RECORDS PROVIDED:
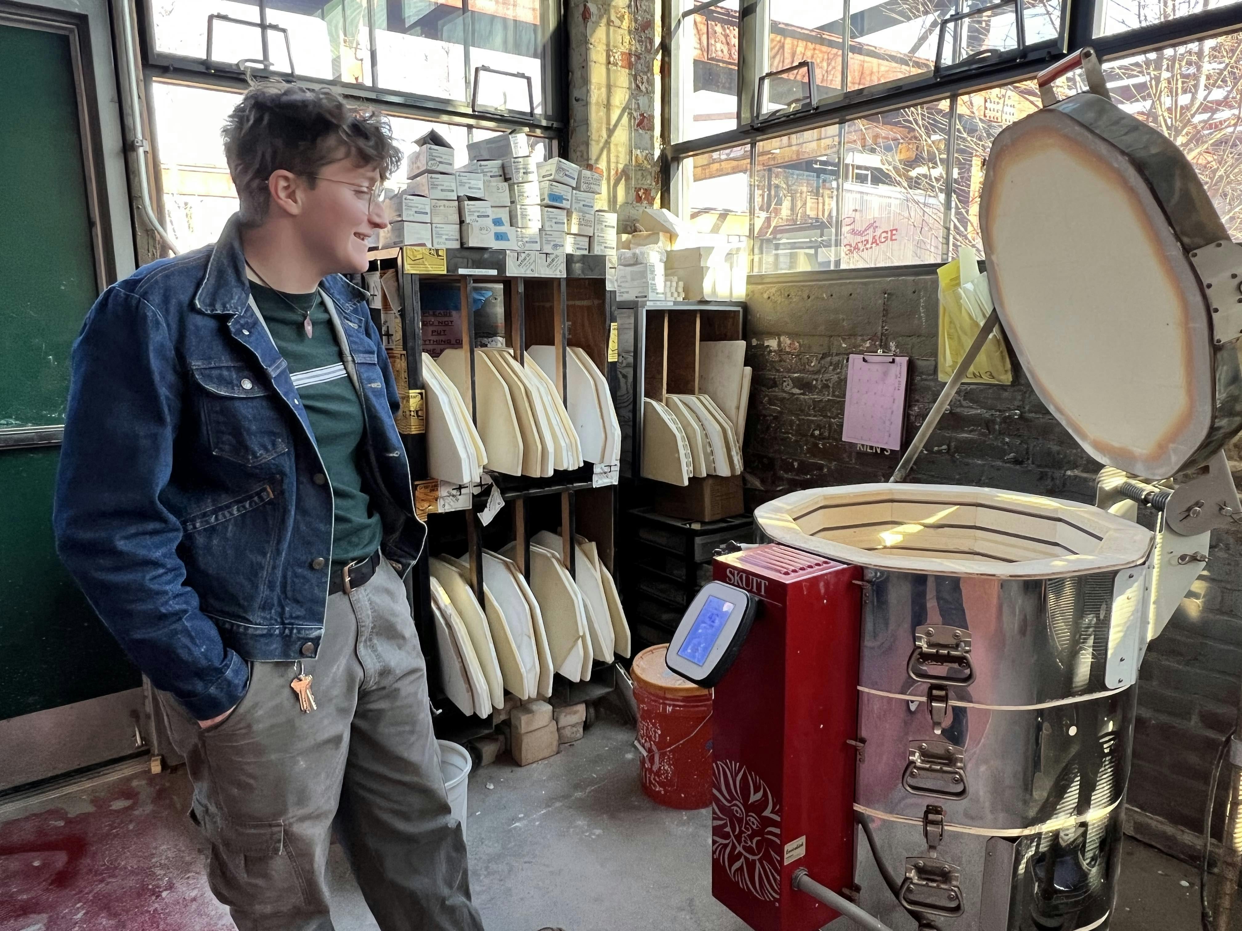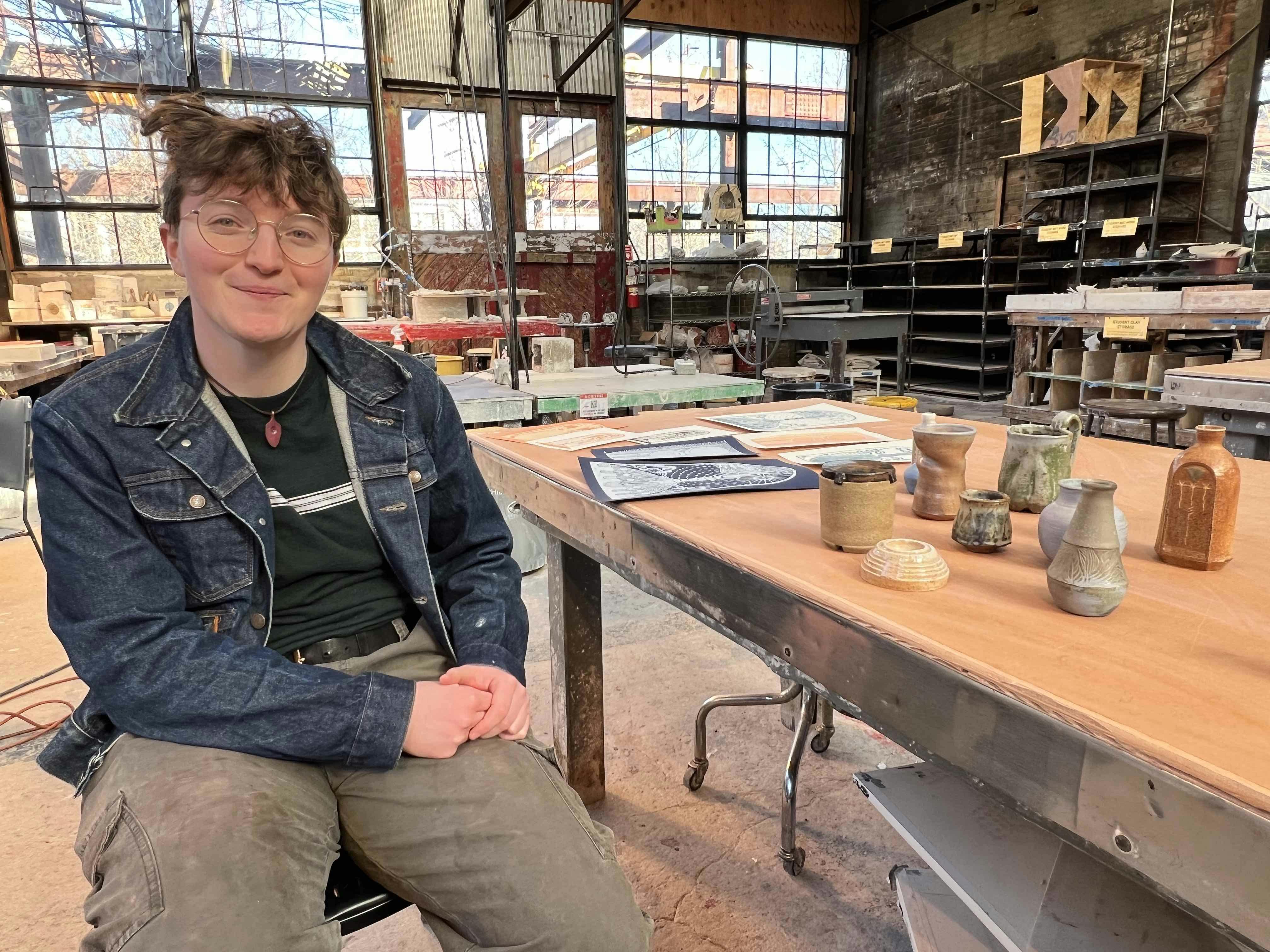 Originally from San Jose, California, Cassell came to the region to study at the Rhode Island School of Design, where she obtained her BFA in Furniture Design in 2019. Her journey since graduating from RISD has included explorations of materials as varied as metal, wood, ceramics, printmaking, painting, and stained glass. For three years she was a blacksmith at Iron Mountain Forge in Olneyville, where she worked on projects ranging from furniture to decorative metalwork. She now dedicates most of her time to the ceramic arts, but continues to explore other realms of expression with equal excitement and skill.
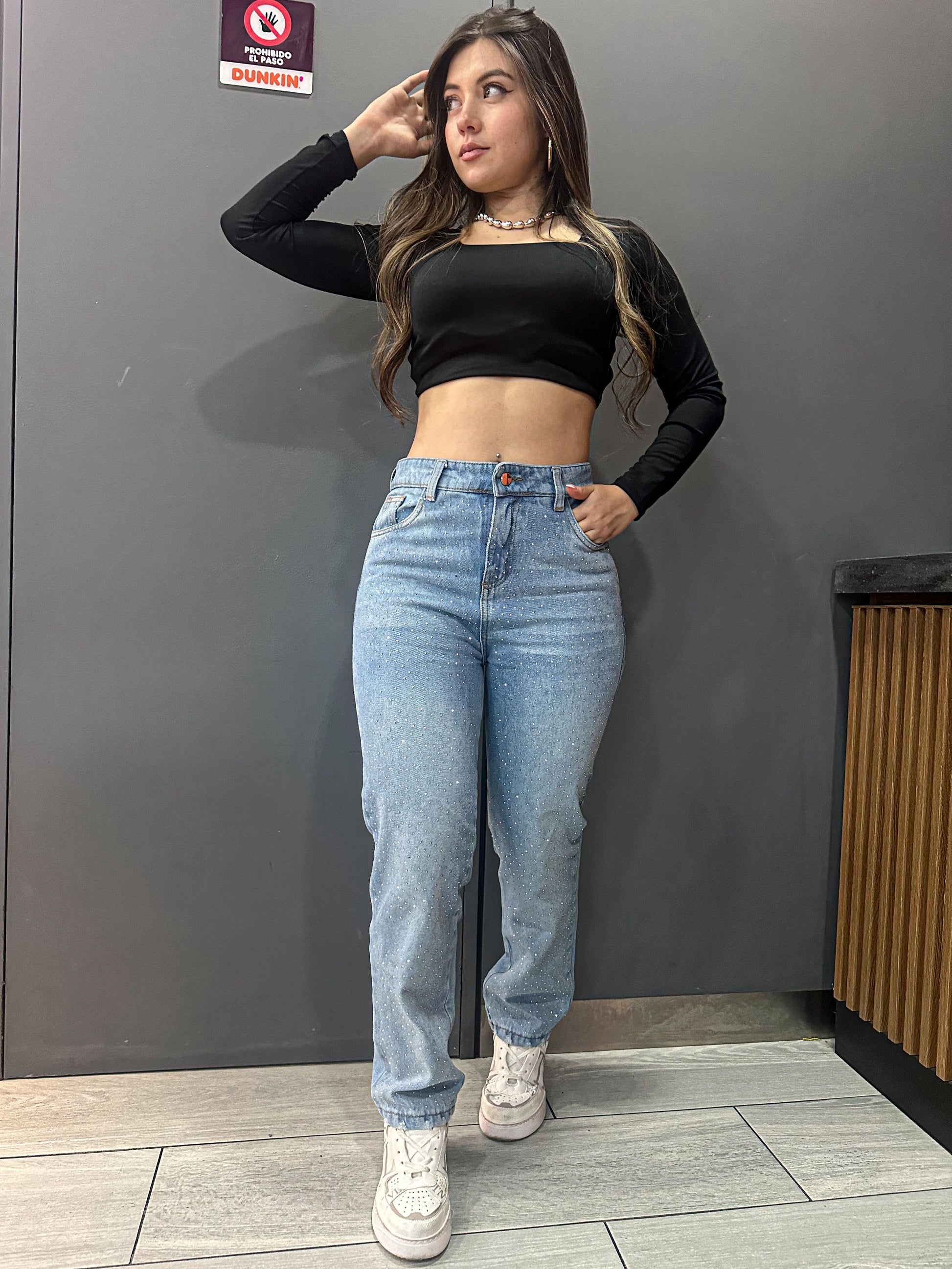 El Jean Boyfriend europeo tono claro es perfecto para un look moderno. Confeccionado en jean rígido, con brillos en la parte frontal y con un bolsillo con detalles brillantes en la parte trasera, su silueta Boyfriend ofrece comodidad y estilo.
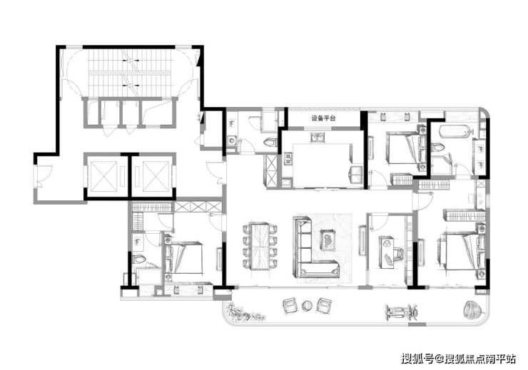 极致洄游公区,营造“家庭平权化”客厅“内容化"社交“共鸣化”居者在举手投足间随时与自然交心。
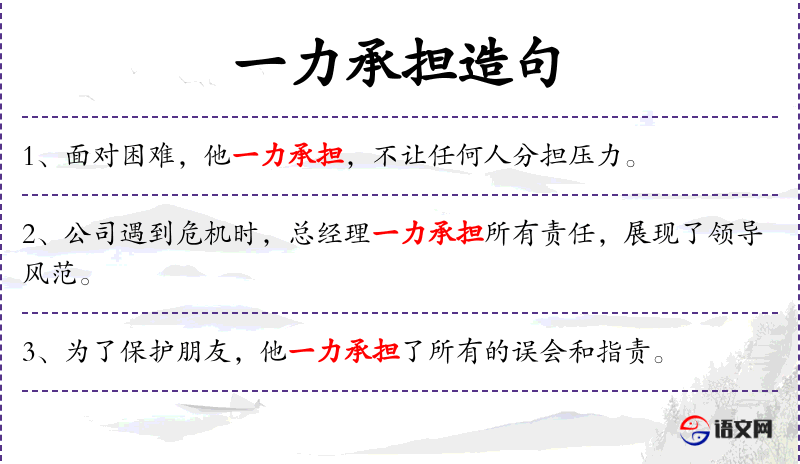1. 【一力承担】 一力:独力。一个人独自负责。
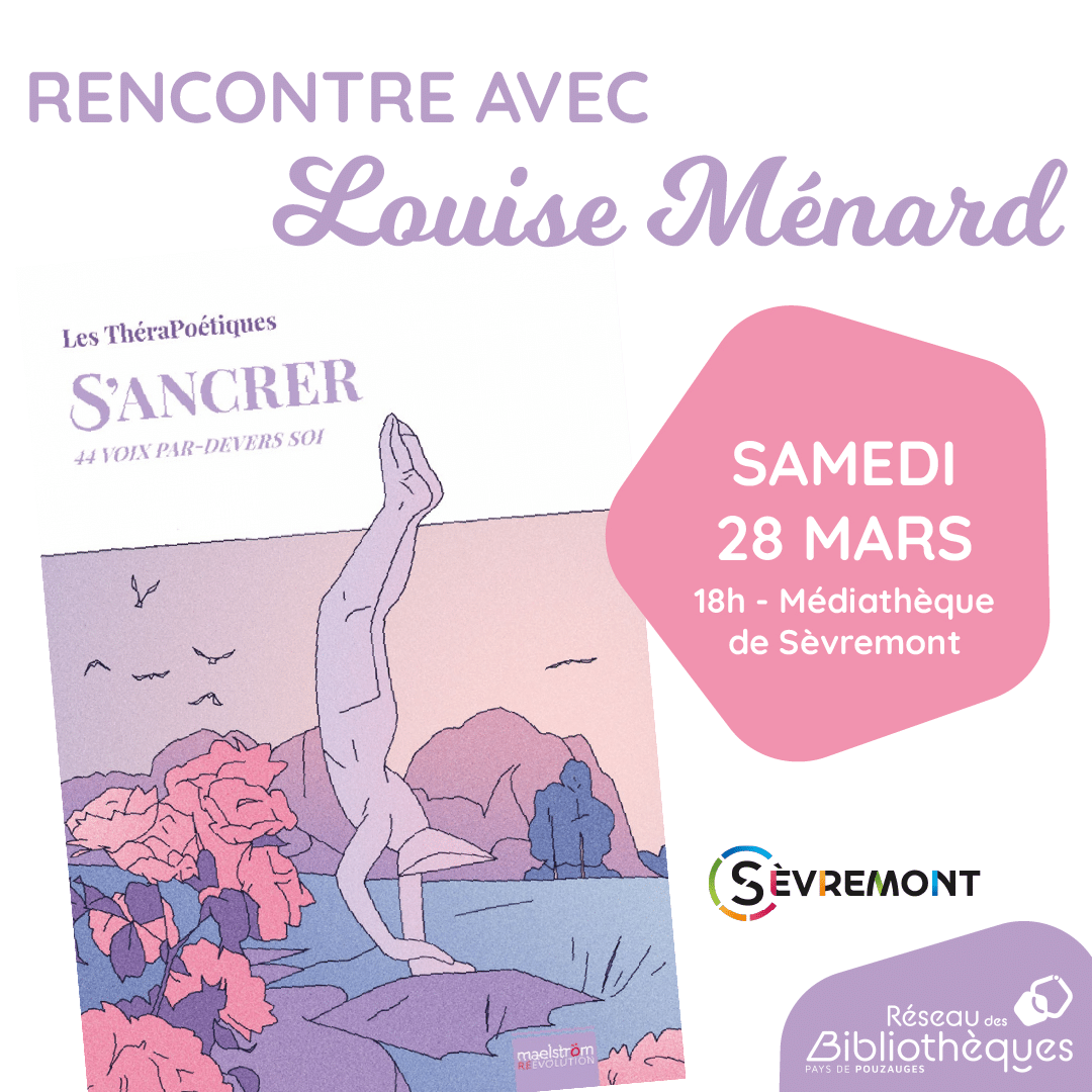 Rencontre avec Louise Ménard, éditrice, dans le cadre du Printemps des poètes : présentation de son métier et du recueil de poésie « S’ancrer 44 voix par-devers soi » (textes poétiques et exercices « thérapoétiques ») suivie d’une performance artistique et d’un moment convivial.
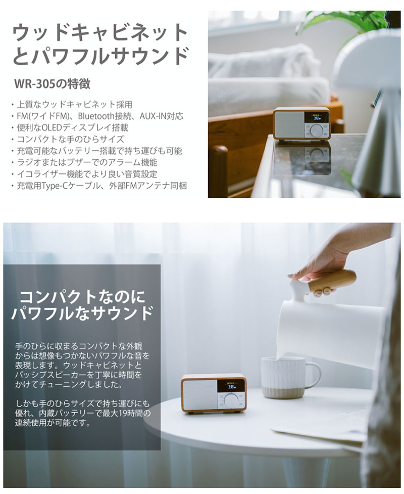 【ウッドキャビネットとパワフルサウンド : WR-305の特徴】
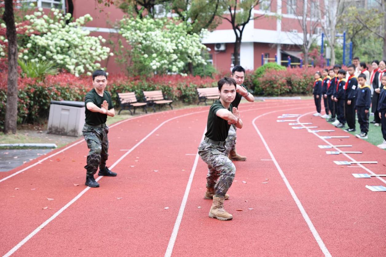 马明智、林海明、陈烈钧、梁雪飞四位学生代表优秀退役士兵演示擒拿拳,刚劲有力、娴熟到位的拳法赢得了台下少先队员们的阵阵掌声,随后进行了寓教于乐的拳术教学活动。
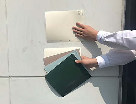 塗料メーカーの色見本は、基本的に室内の標準的な照明環の下で見ることになります。しかし、外壁は常に自然光にさらされており、太陽光の角度や強さによって色が持つ印象は大きく変化します。
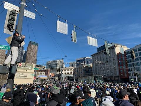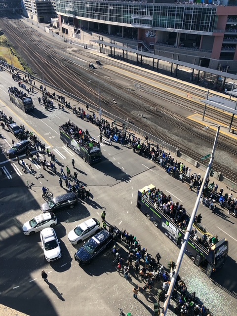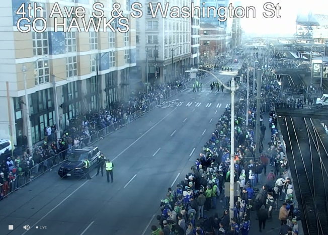 11:29 AM: It’s on – the Seahawks‘ Super Bowl victory parade (starting half an hour later than planned)! If you’re not there, you can watch here. Pics and updates to come.
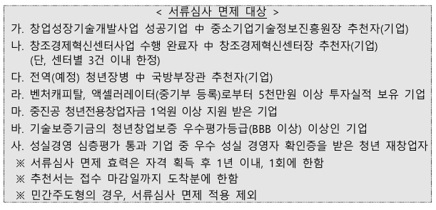 - 신청제외대상 및 지원제외 대상 업종에 해당하지 않는 자(기업)
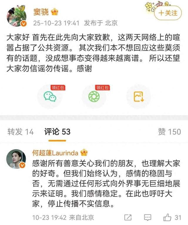 二、何超莲紧随其后:感情不用证明,但谣言必须澄清窦骁刚发完文,何超莲立马跟上!她先在老公评论区留言,又转发了微博,笑眯眯地说:“我俩好着呢,本来不想搭理谣言,可传得太离谱了,必须站出来说清楚。”
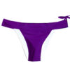 Traci Reversible Brazil Bottom Solid Purple, reverses to Solid White. Lowrise bottoms with skimpy rear coverage. Drawstring in the waistband holds this bottom in place even in big surf.
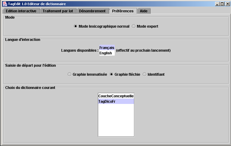 Ecran des préférences [haut du document] Le mode lexicographique normal permet de décrire un mot, ses sens et ses traductions : c'est tout. Le mode expert permet de consulter et modifier des informations cachées ou reconstituées dans le mode normal. Par exemple, dans le mode expert, il est possible de consulter les attributs d'administration du mot: "quand a-t il été modifié la dernière fois et par qui ?". De plus, il est possible d'éditer les constantes linguistiques de la langue comme les modes de flexion ou les propriétés syntaxiques. L'écran de saisie des préférences se présente de la manière suivante:
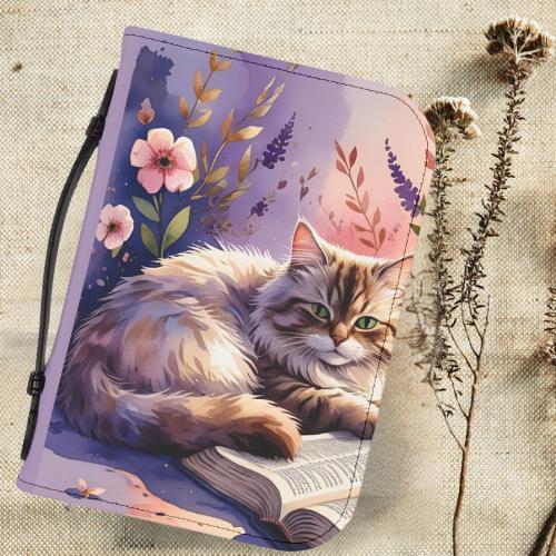 Whimsical Cat Bible Cover, Religious Gift, Cat Lover Accessory, Cute Book Cover

WHAT IS NEEDED: Return exactly the part of the listing above that opens with the line containing "Rencontre avec Louise" and closes with the line containing "二、何超莲紧随其后:感情不用". Pictures stay out.

REPLY TO THE TASK:
 Rencontre avec Louise Ménard, éditrice, dans le cadre du Printemps des poètes : présentation de son métier et du recueil de poésie « S’ancrer 44 voix par-devers soi » (textes poétiques et exercices « thérapoétiques ») suivie d’une performance artistique et d’un moment convivial.
 【ウッドキャビネットとパワフルサウンド : WR-305の特徴】
 马明智、林海明、陈烈钧、梁雪飞四位学生代表优秀退役士兵演示擒拿拳,刚劲有力、娴熟到位的拳法赢得了台下少先队员们的阵阵掌声,随后进行了寓教于乐的拳术教学活动。
 塗料メーカーの色見本は、基本的に室内の標準的な照明環の下で見ることになります。しかし、外壁は常に自然光にさらされており、太陽光の角度や強さによって色が持つ印象は大きく変化します。
 11:29 AM: It’s on – the Seahawks‘ Super Bowl victory parade (starting half an hour later than planned)! If you’re not there, you can watch here. Pics and updates to come.
 - 신청제외대상 및 지원제외 대상 업종에 해당하지 않는 자(기업)
 二、何超莲紧随其后:感情不用证明,但谣言必须澄清窦骁刚发完文,何超莲立马跟上!她先在老公评论区留言,又转发了微博,笑眯眯地说:“我俩好着呢,本来不想搭理谣言,可传得太离谱了,必须站出来说清楚。”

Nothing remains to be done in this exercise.